-------- The records
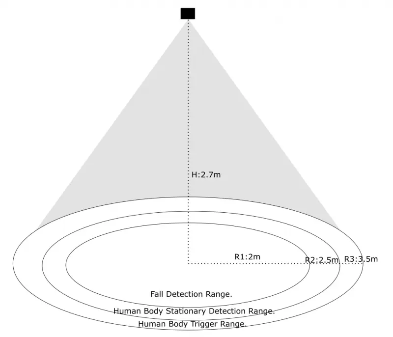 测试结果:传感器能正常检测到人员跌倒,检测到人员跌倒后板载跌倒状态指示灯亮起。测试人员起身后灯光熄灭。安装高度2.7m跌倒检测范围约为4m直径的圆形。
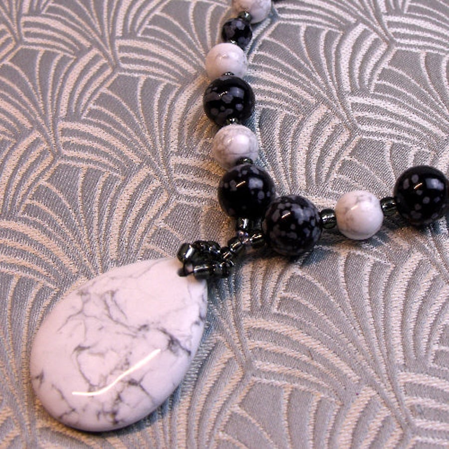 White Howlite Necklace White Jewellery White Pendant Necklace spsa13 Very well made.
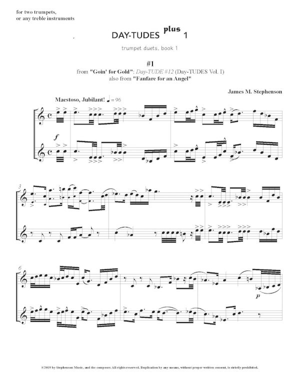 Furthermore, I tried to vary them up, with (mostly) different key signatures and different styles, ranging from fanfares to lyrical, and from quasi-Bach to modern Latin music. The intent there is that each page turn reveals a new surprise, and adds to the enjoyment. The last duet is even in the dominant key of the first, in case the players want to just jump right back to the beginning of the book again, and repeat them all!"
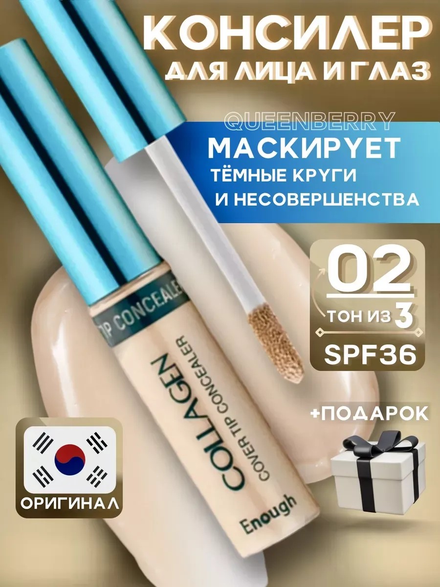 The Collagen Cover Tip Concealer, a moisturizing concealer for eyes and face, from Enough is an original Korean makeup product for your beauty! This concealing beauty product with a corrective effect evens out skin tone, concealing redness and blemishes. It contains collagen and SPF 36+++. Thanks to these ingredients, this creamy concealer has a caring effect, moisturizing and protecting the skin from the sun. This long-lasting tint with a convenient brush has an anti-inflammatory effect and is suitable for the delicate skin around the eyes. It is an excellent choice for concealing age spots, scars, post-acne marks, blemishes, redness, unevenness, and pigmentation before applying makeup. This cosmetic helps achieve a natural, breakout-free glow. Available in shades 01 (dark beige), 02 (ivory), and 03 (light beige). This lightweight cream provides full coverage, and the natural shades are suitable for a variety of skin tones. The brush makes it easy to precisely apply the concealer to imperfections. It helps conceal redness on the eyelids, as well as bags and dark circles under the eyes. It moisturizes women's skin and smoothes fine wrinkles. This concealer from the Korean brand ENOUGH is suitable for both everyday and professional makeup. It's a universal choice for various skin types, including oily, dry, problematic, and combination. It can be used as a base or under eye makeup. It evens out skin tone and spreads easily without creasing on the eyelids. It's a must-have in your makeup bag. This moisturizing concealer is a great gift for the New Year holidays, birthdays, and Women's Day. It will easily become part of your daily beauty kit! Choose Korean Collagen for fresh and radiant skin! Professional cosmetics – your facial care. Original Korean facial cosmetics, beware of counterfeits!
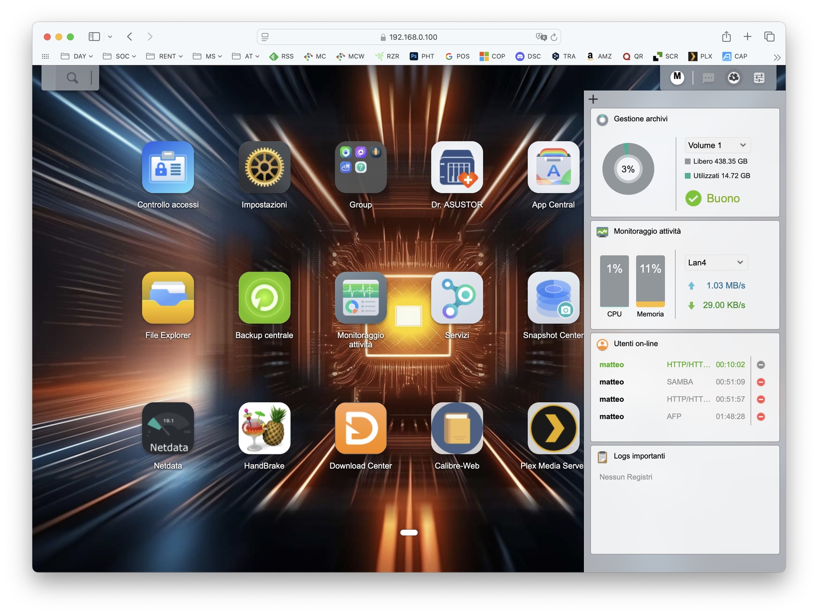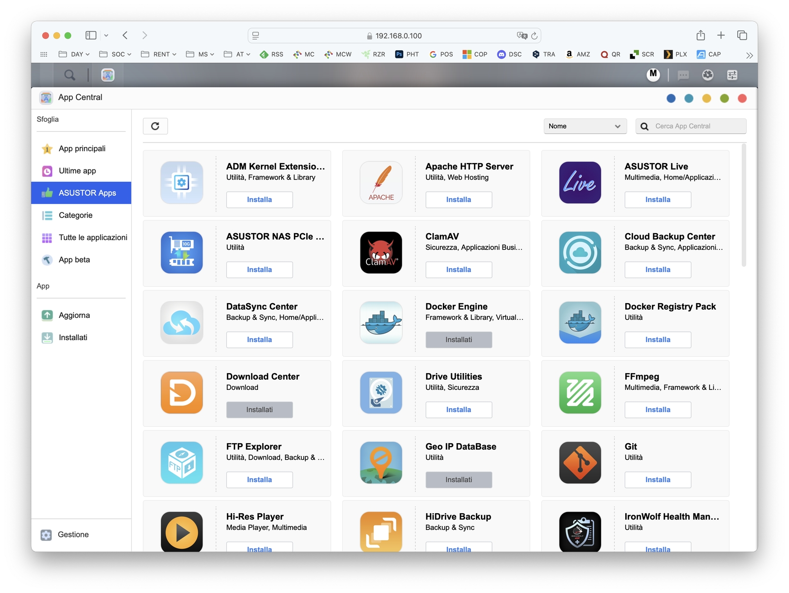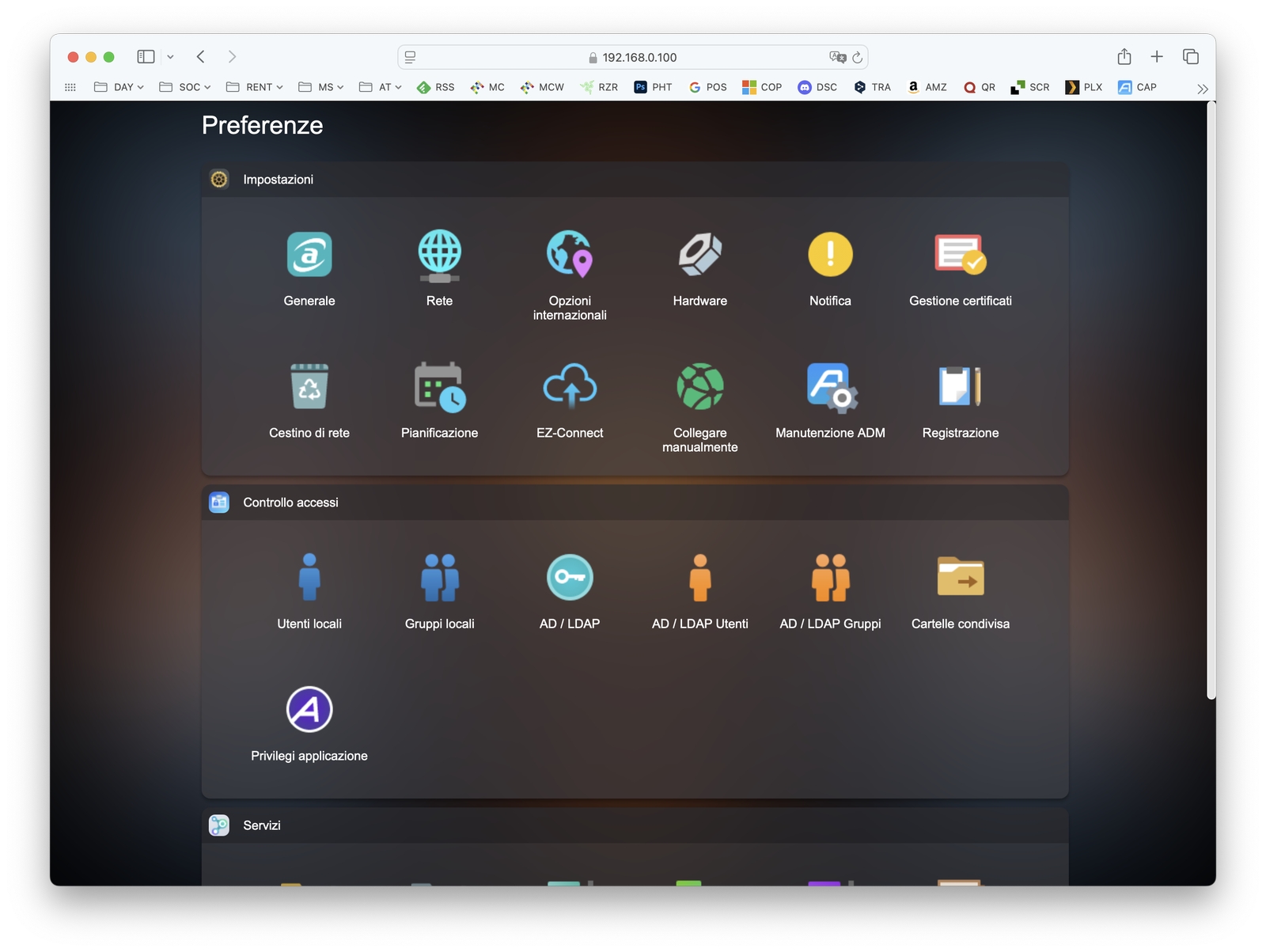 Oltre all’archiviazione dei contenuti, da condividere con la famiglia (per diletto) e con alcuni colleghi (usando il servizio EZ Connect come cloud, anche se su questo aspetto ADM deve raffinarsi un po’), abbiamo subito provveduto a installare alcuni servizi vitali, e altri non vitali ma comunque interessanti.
----------------
-------- The records
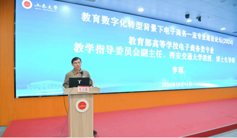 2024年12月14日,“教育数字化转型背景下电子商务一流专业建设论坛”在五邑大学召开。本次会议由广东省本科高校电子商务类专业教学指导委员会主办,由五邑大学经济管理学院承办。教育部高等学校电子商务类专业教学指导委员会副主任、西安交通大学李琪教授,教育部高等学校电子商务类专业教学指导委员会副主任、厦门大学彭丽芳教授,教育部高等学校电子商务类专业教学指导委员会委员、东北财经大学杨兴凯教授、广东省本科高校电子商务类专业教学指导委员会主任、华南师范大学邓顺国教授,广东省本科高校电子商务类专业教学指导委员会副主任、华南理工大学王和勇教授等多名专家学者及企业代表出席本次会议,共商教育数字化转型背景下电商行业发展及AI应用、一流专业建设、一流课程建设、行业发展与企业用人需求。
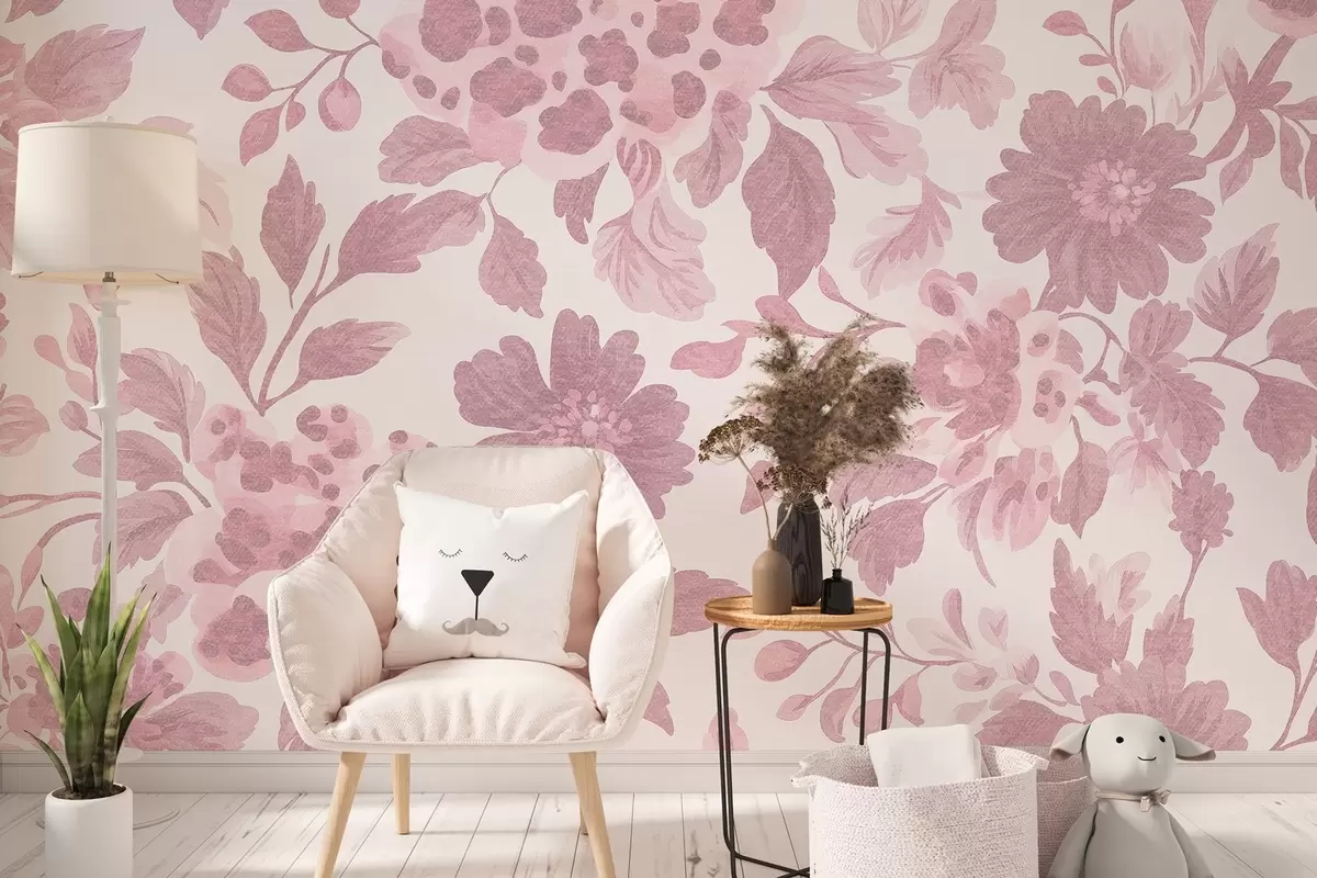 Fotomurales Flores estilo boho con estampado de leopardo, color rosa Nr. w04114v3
----------------
- Instructions to follow -
To complete this exercise, transcribe exactly the lines above from the one that holds "测试结果:传感器能正常检测到" through the one that holds "Furthermore, I tried". Pictures stay out.

- Reply -
 测试结果:传感器能正常检测到人员跌倒,检测到人员跌倒后板载跌倒状态指示灯亮起。测试人员起身后灯光熄灭。安装高度2.7m跌倒检测范围约为4m直径的圆形。
 White Howlite Necklace White Jewellery White Pendant Necklace spsa13 Very well made.
 Furthermore, I tried to vary them up, with (mostly) different key signatures and different styles, ranging from fanfares to lyrical, and from quasi-Bach to modern Latin music. The intent there is that each page turn reveals a new surprise, and adds to the enjoyment. The last duet is even in the dominant key of the first, in case the players want to just jump right back to the beginning of the book again, and repeat them all!"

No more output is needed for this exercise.